• _TASK DESCRIPTION_
An exact copy of the entries is needed, with every picture left out.

___ DATA SECTION

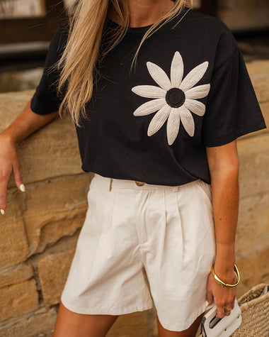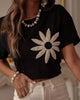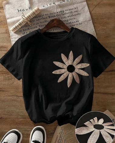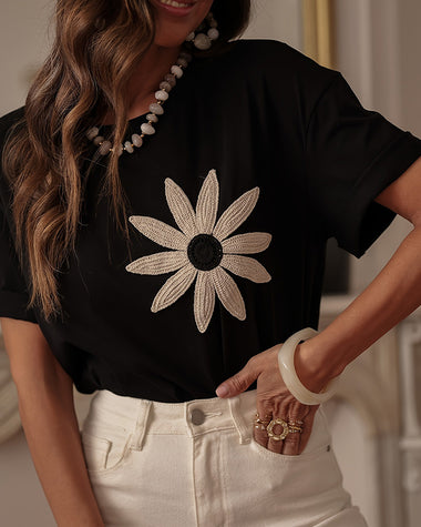 Fashion Contrast Color Flower Embroidery T-shirt
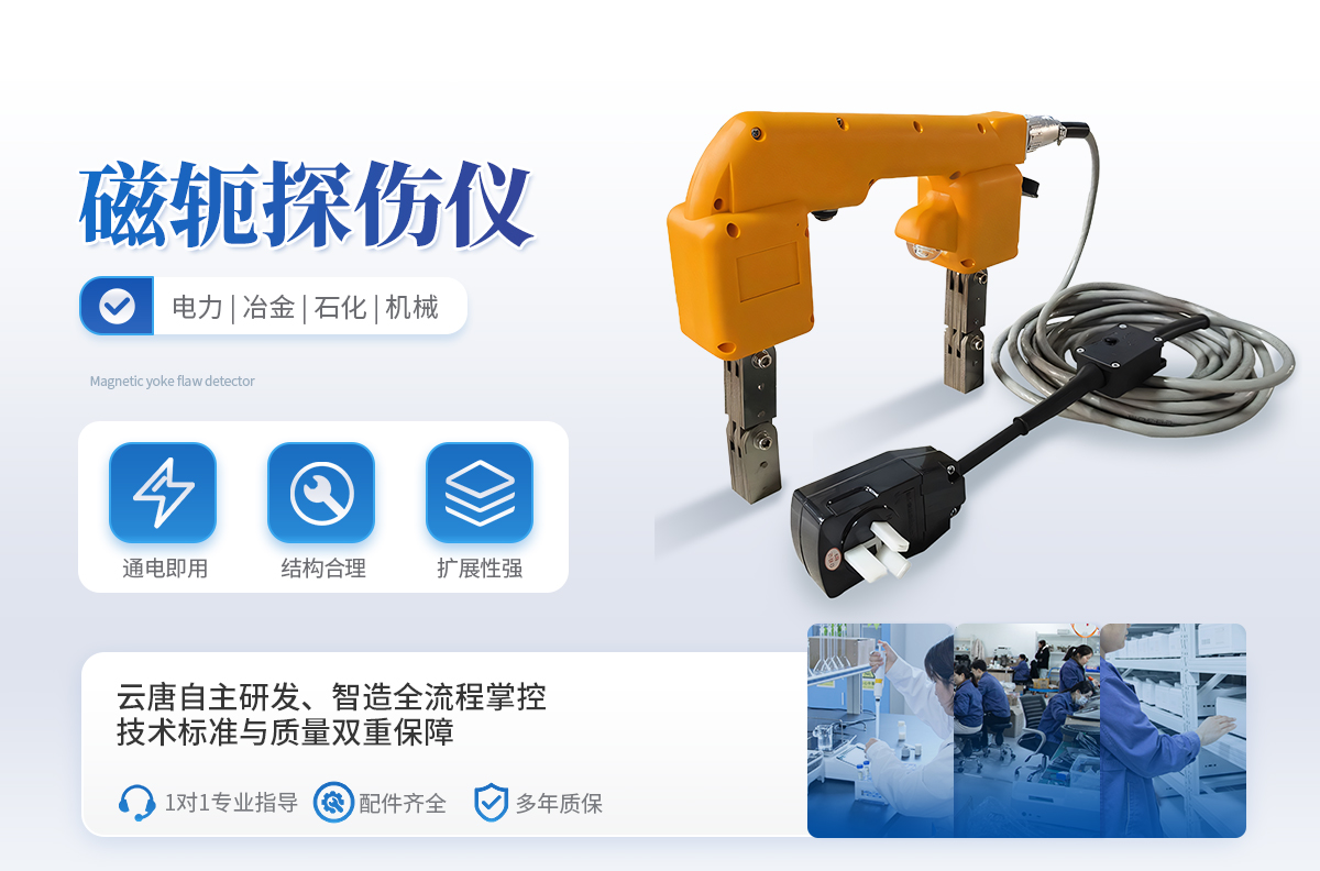 YT-CTS220交流磁軛探傷儀 ,無主機設計,操作簡單方便,噪音小、重量小、適用性強,工作穩定。適用于電力、冶金、石化、機械等行業各類鋼鐵結構件,鍋爐、壓力容器、壓力管道及各類型焊接結構的鐵磁性材料表層及近表層缺陷的磁粉探傷。該探傷儀可以直接連接交流電使用,也可以選配交流磁化電源和直流磁化電源使用,**輕便。特別適用于船體焊縫檢測、高空鋼結構焊縫檢測及壓力容器內部作業。
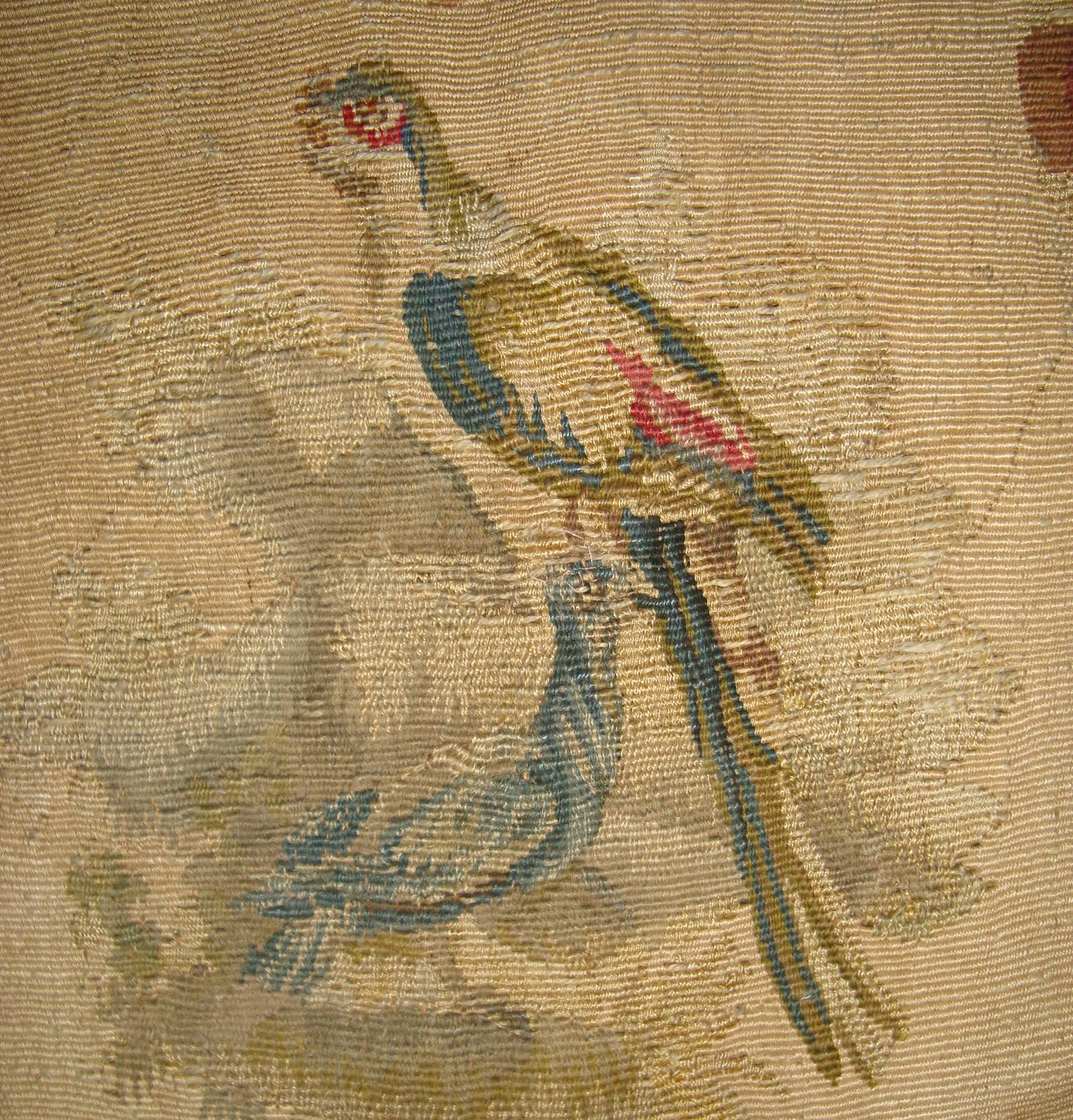 The tapestry is woven in fine wool and silk on a linen warp. A few weft threads have rotted away here and there, but these can be restored as the weft is intact. I am selling these via my ebay shop, the listings will come on this evening.
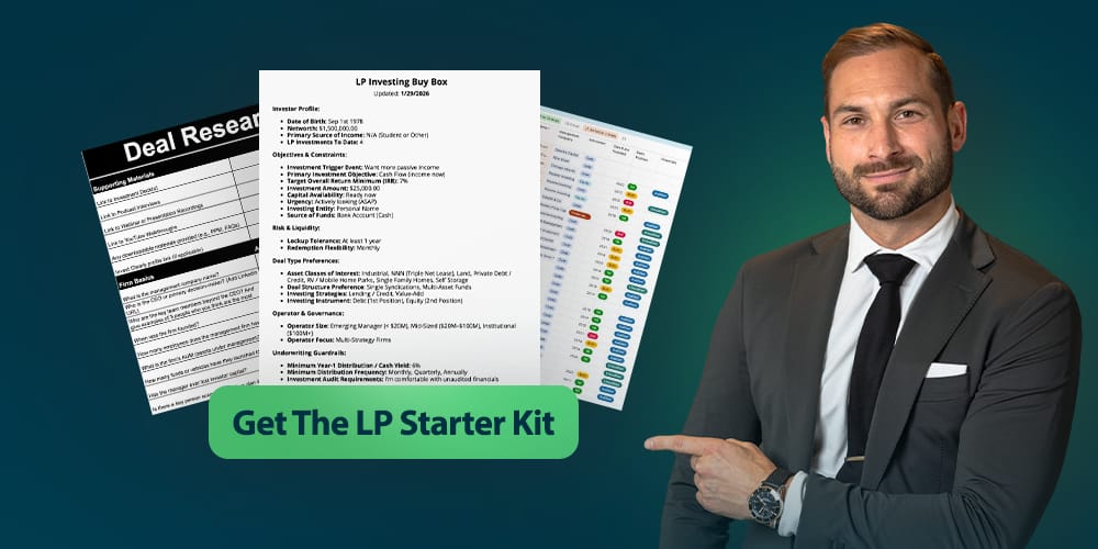 🛠️ The LP Starter Kit gives you a systematic approach to vetting private deals before you wire six figures based on gut feel. Pascal Wagner used this framework to turn $3.3M into $150K/year in passive income for his family. Grab the free kit.
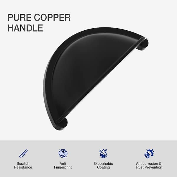 3.7 in. (76mm) Matte Black Door Handles and Pulls Semicircle Pure Copper Cabinet Drawer Cup Pulls (2-Pack)
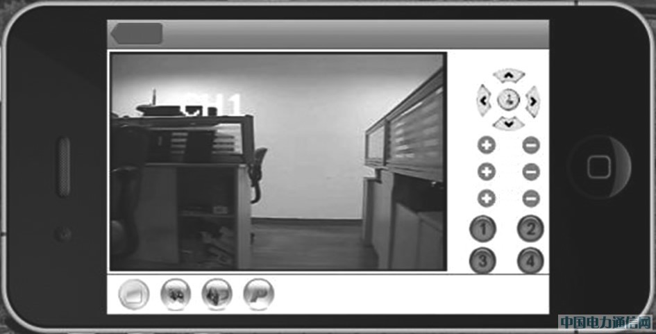 在Linux 提供的Framebuffer 显示接口基础上,系统移植了字体库和图片库。字体库包括ttf 和freetype 字体库,图片库包括png、jpeg 和bmp 图片库。上层主要工作就是设计消息循环,设计多窗口管理模式,编写必要的控件。本文利用自主设计的GUI 为智能云台系统设计了美观的本地界面和客户端界面,整套界面美观大方,简洁实用,图5 是我们为智能手机客户端编写的界面。

______

• _WRITTEN ANSWER_
 Fashion Contrast Color Flower Embroidery T-shirt
 YT-CTS220交流磁軛探傷儀 ,無主機設計,操作簡單方便,噪音小、重量小、適用性強,工作穩定。適用于電力、冶金、石化、機械等行業各類鋼鐵結構件,鍋爐、壓力容器、壓力管道及各類型焊接結構的鐵磁性材料表層及近表層缺陷的磁粉探傷。該探傷儀可以直接連接交流電使用,也可以選配交流磁化電源和直流磁化電源使用,**輕便。特別適用于船體焊縫檢測、高空鋼結構焊縫檢測及壓力容器內部作業。
 The tapestry is woven in fine wool and silk on a linen warp. A few weft threads have rotted away here and there, but these can be restored as the weft is intact. I am selling these via my ebay shop, the listings will come on this evening.
 🛠️ The LP Starter Kit gives you a systematic approach to vetting private deals before you wire six figures based on gut feel. Pascal Wagner used this framework to turn $3.3M into $150K/year in passive income for his family. Grab the free kit.
 3.7 in. (76mm) Matte Black Door Handles and Pulls Semicircle Pure Copper Cabinet Drawer Cup Pulls (2-Pack)
 在Linux 提供的Framebuffer 显示接口基础上,系统移植了字体库和图片库。字体库包括ttf 和freetype 字体库,图片库包括png、jpeg 和bmp 图片库。上层主要工作就是设计消息循环,设计多窗口管理模式,编写必要的控件。本文利用自主设计的GUI 为智能云台系统设计了美观的本地界面和客户端界面,整套界面美观大方,简洁实用,图5 是我们为智能手机客户端编写的界面。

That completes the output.